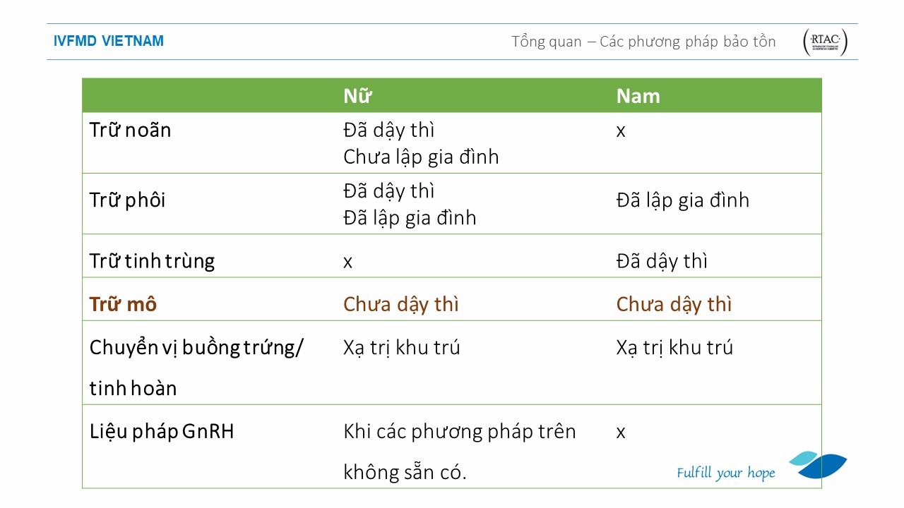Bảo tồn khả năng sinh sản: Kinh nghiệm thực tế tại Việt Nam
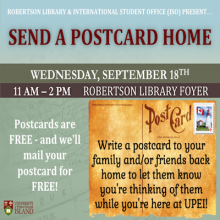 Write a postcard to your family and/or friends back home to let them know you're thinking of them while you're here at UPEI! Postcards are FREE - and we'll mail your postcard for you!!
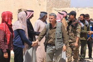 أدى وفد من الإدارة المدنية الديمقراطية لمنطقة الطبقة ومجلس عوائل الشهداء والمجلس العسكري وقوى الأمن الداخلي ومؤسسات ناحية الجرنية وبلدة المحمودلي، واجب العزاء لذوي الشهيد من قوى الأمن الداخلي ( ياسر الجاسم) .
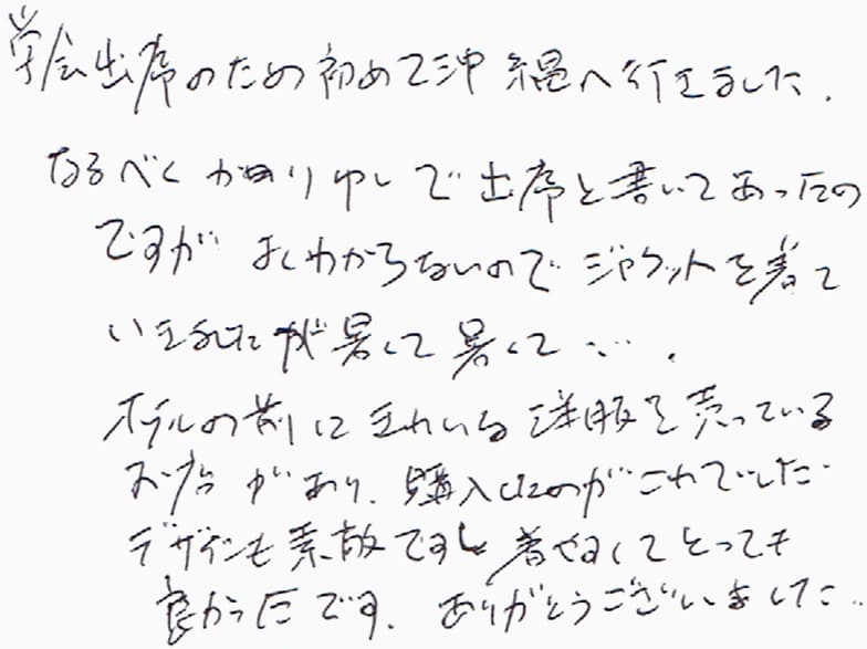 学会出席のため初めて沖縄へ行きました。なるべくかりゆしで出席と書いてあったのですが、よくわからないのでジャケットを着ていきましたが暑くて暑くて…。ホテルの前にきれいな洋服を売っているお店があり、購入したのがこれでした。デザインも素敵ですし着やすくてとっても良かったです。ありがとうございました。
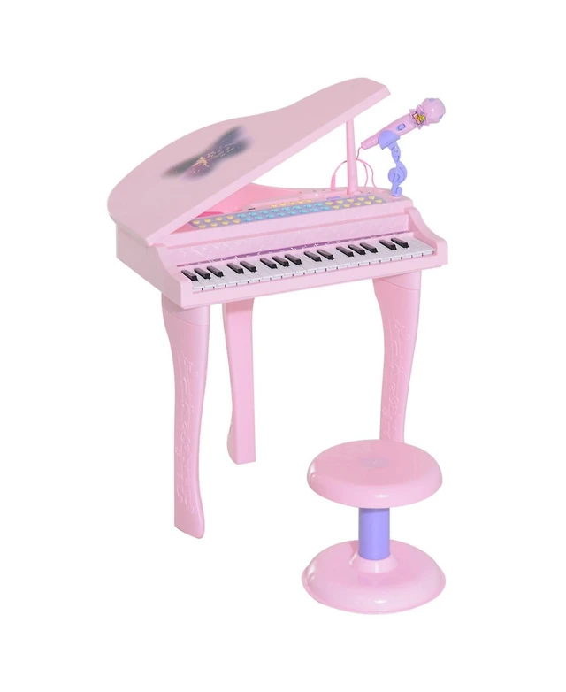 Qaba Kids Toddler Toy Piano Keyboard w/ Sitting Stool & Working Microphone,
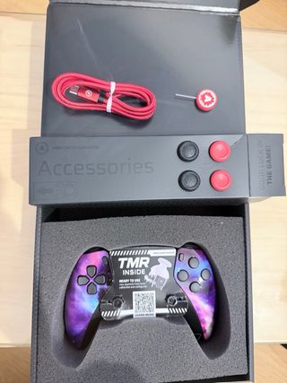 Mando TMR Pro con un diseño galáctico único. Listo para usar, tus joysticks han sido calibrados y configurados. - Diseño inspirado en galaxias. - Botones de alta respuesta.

...

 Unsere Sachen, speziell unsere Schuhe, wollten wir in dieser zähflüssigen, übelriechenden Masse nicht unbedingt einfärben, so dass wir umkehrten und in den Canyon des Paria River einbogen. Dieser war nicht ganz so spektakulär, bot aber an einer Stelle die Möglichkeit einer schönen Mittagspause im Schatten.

● **WORK TASK**
Write down exactly what the lines above say, from the line holding "Bảo tồn khả" through the line holding "Write a postcard", and nothing more. Do not copy the pictures.

● **SOLUTION TO THE EXERCISE**
Bảo tồn khả năng sinh sản: Kinh nghiệm thực tế tại Việt Nam
 Write a postcard to your family and/or friends back home to let them know you're thinking of them while you're here at UPEI! Postcards are FREE - and we'll mail your postcard for you!!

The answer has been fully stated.